PS “Gadget” = Desktopgadgets Revived.
I know it looks cool but how hard is it to goto wunderground using a browser, it takes all of 3 seconds for me.
The issue is none anymore right now as the domain is returning the error. Is that what you meant?
All live tiles are on by default until manually turned off.
I’m wondering if tiles that have the live tile function but have never been pinned to start still receive data. (regardless of where they try to get the data from or if it’s successful)
Personally never liked live tiles. It looks like a design concept from a kid that’s uses his computer mostly for games not business. I remove them.
These tiles were all about shoehorning advertising into your desktop anyway.
Damn, how dumb is Microsoft to not use the subdomain.microsoft.com or subdomain.gfx.ms, but instead go for an idiotic domain name where they do not control the top level domain.
To be honest this is something we came to expect since they went for racial diversity instead of skills.
@ noname
Yes, agree. Tech jobs should be given out based on merit (= skills and talent), and not based on race or sex/gender (= racial diversity and feminism or woman-power are White liberal politics that pander for votes from the minorities and narrow-interest groups)
@ Adam Laceky ……. No, in fact it is racist for a tech business to hire people based on race, whether it’s to favor the White, Black, Brown, Yellow or Grey race. It is also sexist to hire people based on sex/gender.
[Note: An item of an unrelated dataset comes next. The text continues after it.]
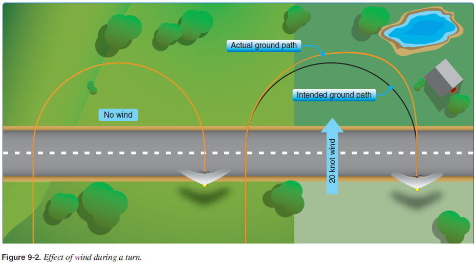 A similar 360° turn may be started at a specifi c point over the reference line, with the aircraft headed directly downwind. In this demonstration, the effect of wind during the constant banked turn drifts the aircraft to a point where the line is re-intercepted, but the 360° turn is completed at a point downwind from the starting point. Another reference line which lies directly crosswind may be selected and the same procedure repeated. If wind drift is not corrected, the aircraft is headed in the original direction at the completion of the 360° turn, but has drifted away from the line a distance dependent on the amount of wind. From these demonstrations, it can be seen where and why it is necessary to increase or decrease the angle of bank and the rate of turn to achieve a desired track over the ground. The principles and techniques involved can be practiced and evaluated by the performance of the ground track maneuvers discussed in this chapter. |

Why do the White liberals not demand for more Whites, Browns and Yellows in the multi-billion NBA or NFL business.?
@AnorKnee Merce
They know Whites, Browns and Yellows etc would get creamed in full public view whereas in IT workers names/faces are not on public view and no one can point a finger and say:
YOU LOST US THE GAME.
Good Lord, that’s racist.
@noname: “how dumb is Microsoft to not use the subdomain.microsoft.com or subdomain.gfx.ms”
This isn’t really a Microsoft-only thing. For better or worse (worse, in my opinion) it has fallen out of fashion to use subdomains generally.
Perhaps not racial diversity, but rather using cheap resources of dubious ability. This is something all too many companies are doing and we keep seeing the results. Not sure I understand the thinking though. Pay 1/3rd the cost, but take 4 times as long, and turn out a very poor result that the end user is unhappy with.
Net result: higher cost, late delivery, decimated customer satisfaction
Yep, that sounds like a winning strategy.
This has nothing to do with racial diversity and everything to do with mis-management and lack of attention to details.
I wish there was a serious competition to Microsoft in the corporate and cloud business, so they would care about innovating their end user products.
You seriously think they’ve no competition in the cloud? Have you not heard of Amazon?